Data:
——————
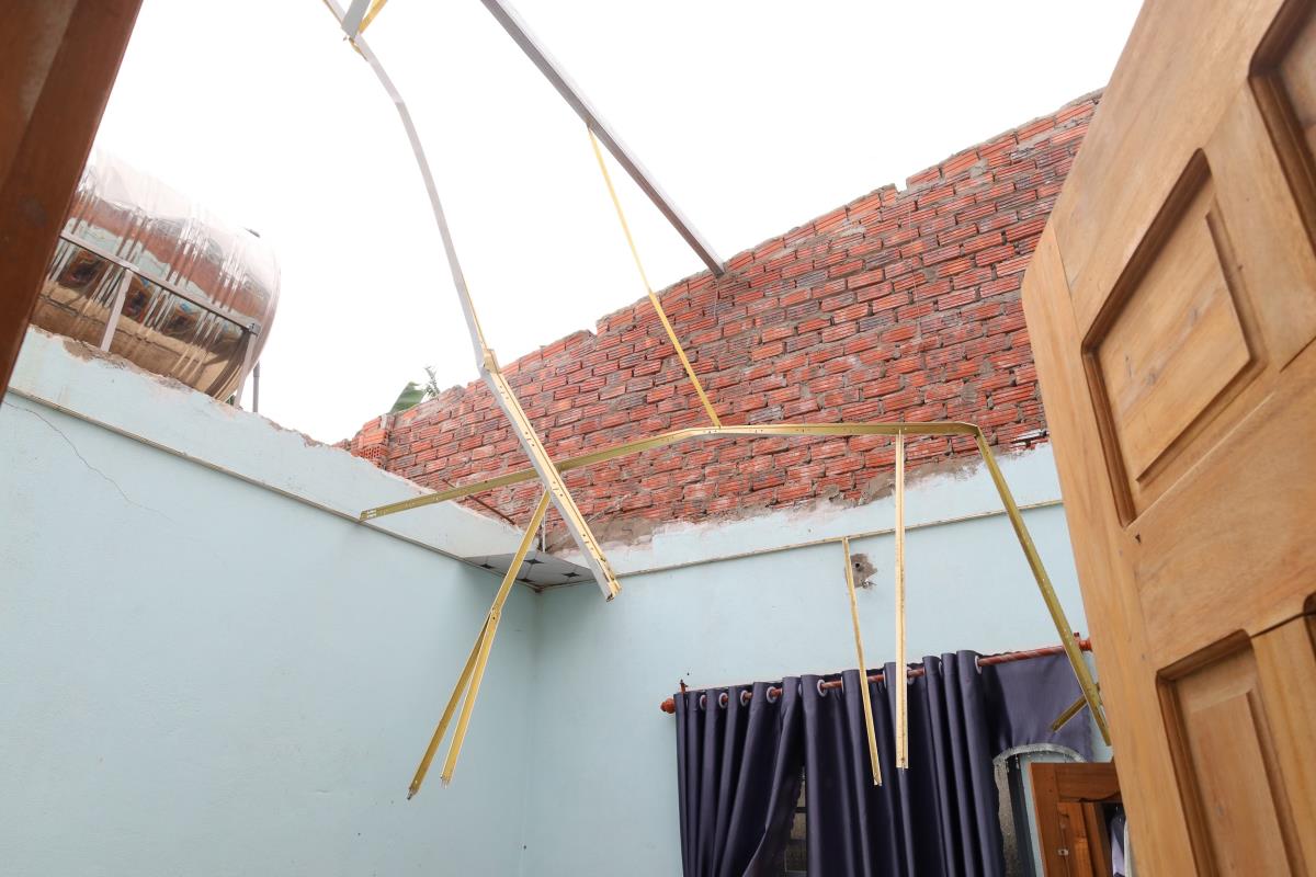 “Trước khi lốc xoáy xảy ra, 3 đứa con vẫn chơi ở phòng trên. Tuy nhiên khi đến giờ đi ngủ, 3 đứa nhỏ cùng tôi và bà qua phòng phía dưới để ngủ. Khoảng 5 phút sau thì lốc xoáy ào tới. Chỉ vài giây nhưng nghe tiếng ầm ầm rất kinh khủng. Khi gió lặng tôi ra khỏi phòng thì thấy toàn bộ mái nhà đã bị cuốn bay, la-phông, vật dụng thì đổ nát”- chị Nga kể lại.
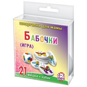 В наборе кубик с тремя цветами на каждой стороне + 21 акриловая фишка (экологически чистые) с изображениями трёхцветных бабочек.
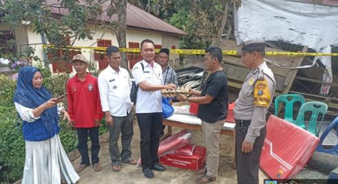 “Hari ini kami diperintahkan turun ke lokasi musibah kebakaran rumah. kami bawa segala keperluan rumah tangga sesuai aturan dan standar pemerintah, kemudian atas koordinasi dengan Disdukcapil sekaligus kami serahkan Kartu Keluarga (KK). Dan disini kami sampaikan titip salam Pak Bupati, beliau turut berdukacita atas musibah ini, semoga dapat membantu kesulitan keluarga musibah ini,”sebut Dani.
——————
What you are asked to do: Return all of the material above unchanged, minus its pictures.

Solution:
 “Trước khi lốc xoáy xảy ra, 3 đứa con vẫn chơi ở phòng trên. Tuy nhiên khi đến giờ đi ngủ, 3 đứa nhỏ cùng tôi và bà qua phòng phía dưới để ngủ. Khoảng 5 phút sau thì lốc xoáy ào tới. Chỉ vài giây nhưng nghe tiếng ầm ầm rất kinh khủng. Khi gió lặng tôi ra khỏi phòng thì thấy toàn bộ mái nhà đã bị cuốn bay, la-phông, vật dụng thì đổ nát”- chị Nga kể lại.
 В наборе кубик с тремя цветами на каждой стороне + 21 акриловая фишка (экологически чистые) с изображениями трёхцветных бабочек.
 “Hari ini kami diperintahkan turun ke lokasi musibah kebakaran rumah. kami bawa segala keperluan rumah tangga sesuai aturan dan standar pemerintah, kemudian atas koordinasi dengan Disdukcapil sekaligus kami serahkan Kartu Keluarga (KK). Dan disini kami sampaikan titip salam Pak Bupati, beliau turut berdukacita atas musibah ini, semoga dapat membantu kesulitan keluarga musibah ini,”sebut Dani.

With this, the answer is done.